No need for synthetic fertilizers, however. You can do feed your soil with completely natural methods.
- Add organic matter like manure: This provides the soil with many of the nutrients plants require like nitrogen and carbon. It also helps to keep the soil loose and well-composted. Horse, cow, sheep, goat, and chicken manure can be used as a mulch to slowly release nutrients over time. Manure must be aged and composted, rather than added straight into the garden.
- Compost is the lifeblood of the garden: Rather than buying fertilizers and soil feeds from the store, use your food scraps, manure, and garden waste to nourish the soil.
- Cover crops are a good idea: Cover crops are a natural way to replenish the soil and keep weeds at bay. Plant mustard or blue lupin seeds in fall to grow over winter. There are also crops you can use in the spring and summer to bolster your soil’s health.

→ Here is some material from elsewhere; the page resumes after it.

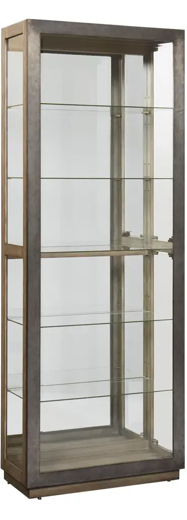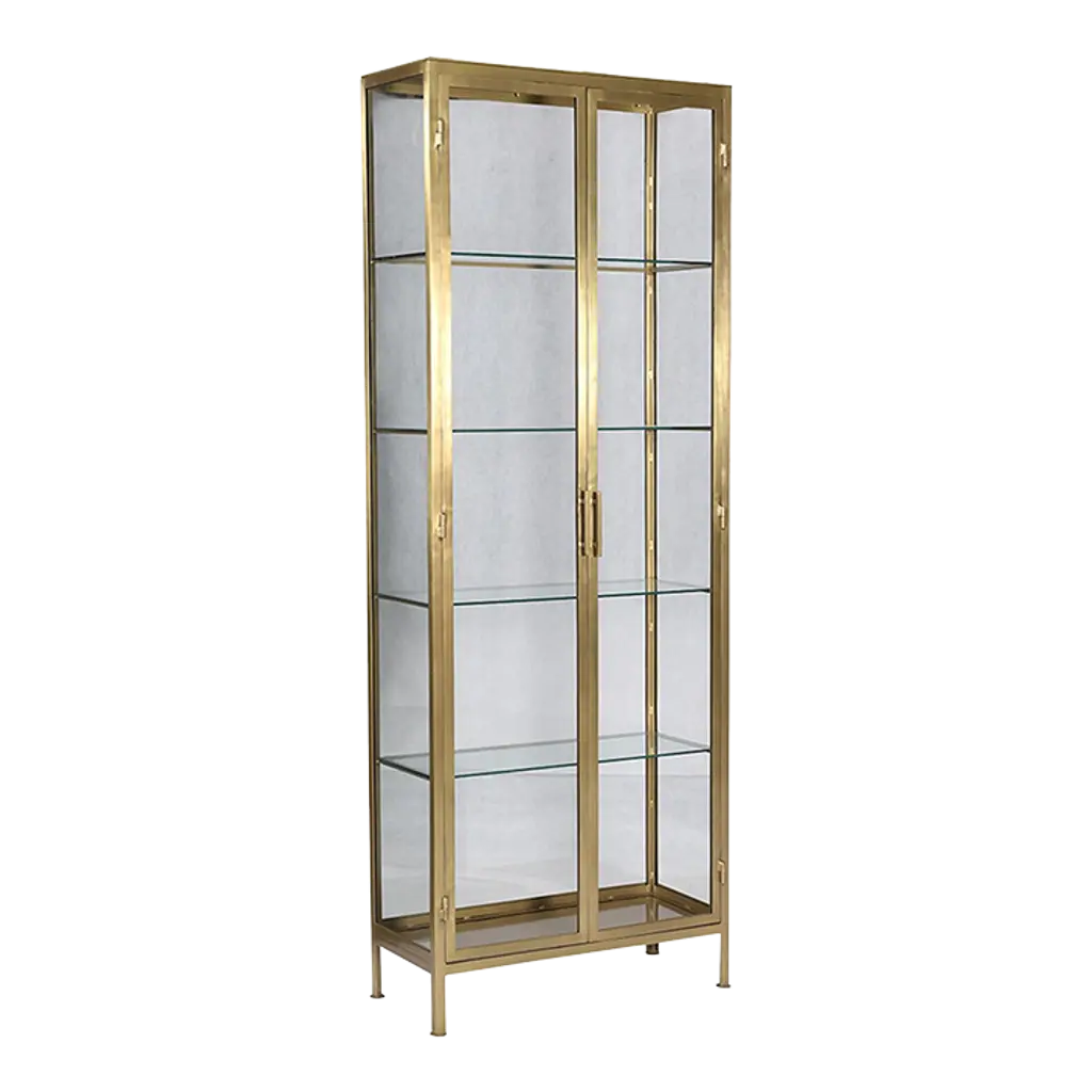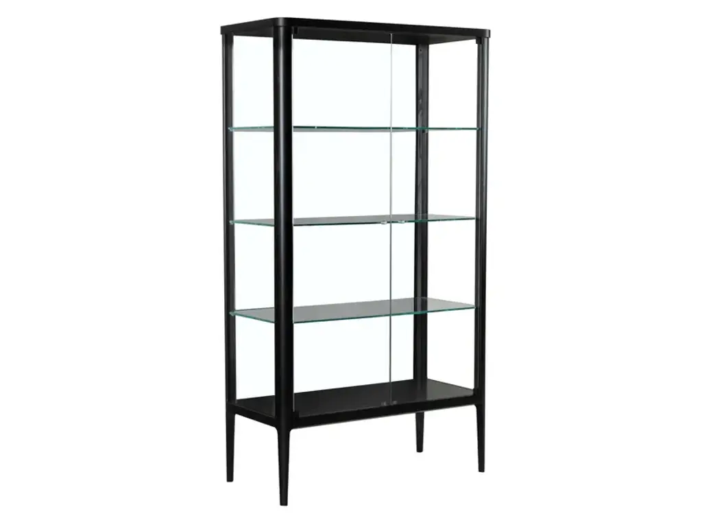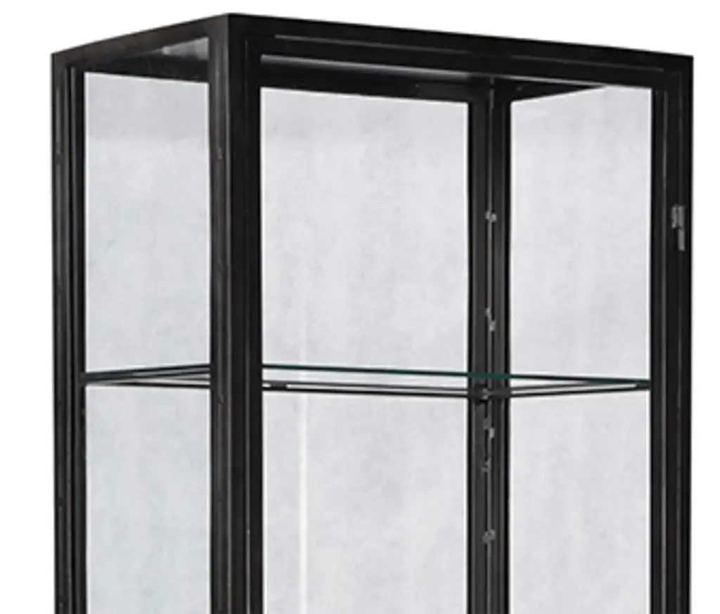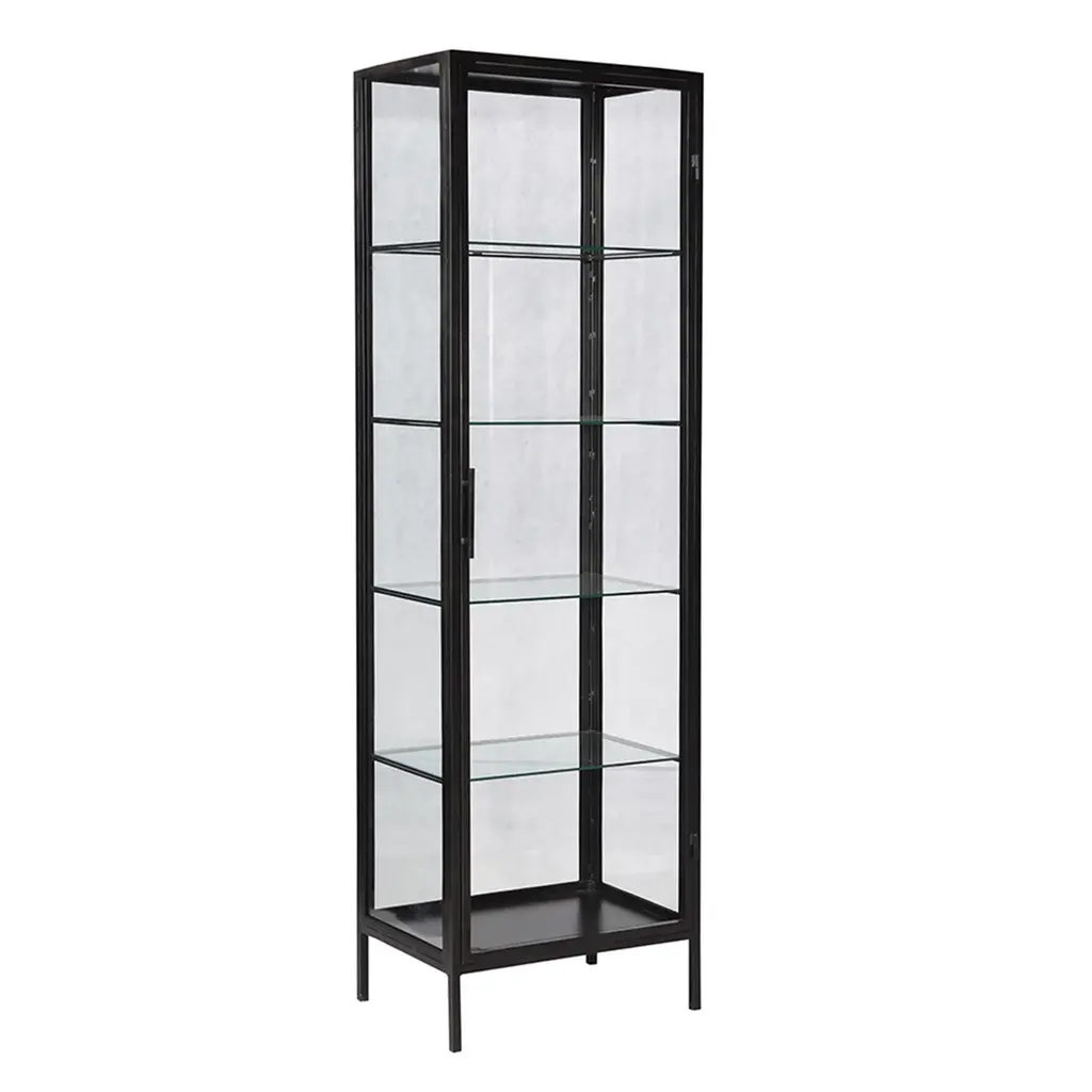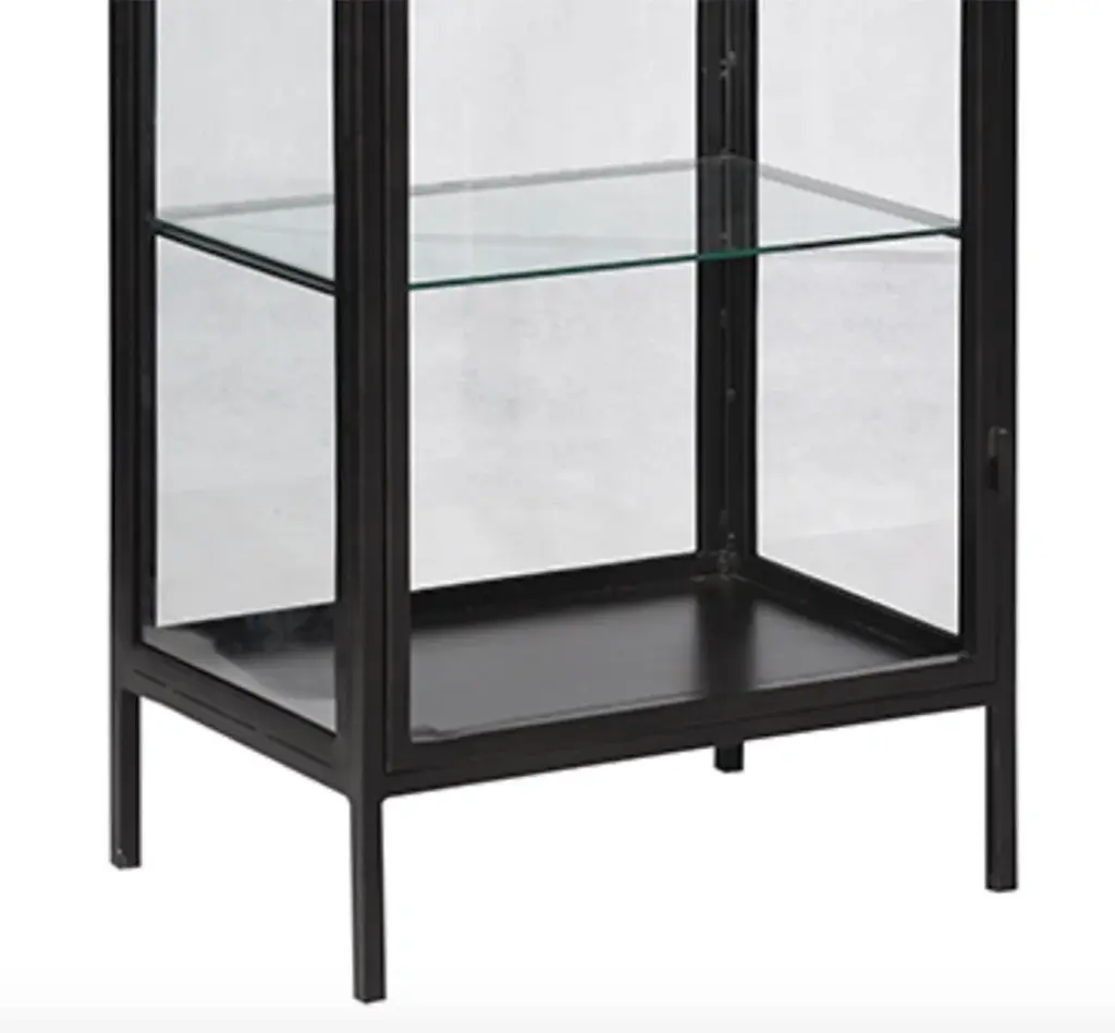 Black gunmetal finish iron frame display cabinet with glass panels and shelves. Modern simple piece with clean lines perfect for a variety of spaces and uses. Each may vary in exact iron finish and natural imperfections. This cabinet weighs approx. 190 lbs.

- Mulch your garden: This is the best way to retain moisture, release nutrients slowly, and protect the plants from weather extremes. Experiment with natural materials like hay or straw, leaves, moss, composted manure, newspaper, pine needles, or finely crushed bark.
2. Save Your Seeds
Ten years ago I bought a few packets of heirloom tomato seeds and have never bought tomato seeds again. Each year I take a good quality tomato of each variety and save the seeds for the following year.
I do this with most of the vegetables we grow, and you can too. Reusing what your plant offers is part of gardening in harmony with nature. Just keep in mind that starting some seeds is more complicated than others, so start with saving easy ones like:
- Tomato
- Pumpkin and squash
- Peas
- Beans
- Cucumbers
- Melons
- Herbs
3. Plant (and Eat) With the Seasons
Have you ever bought tomatoes grown in winter and wondered where the flavor was? This is because they were grown out of season in an artificial environment.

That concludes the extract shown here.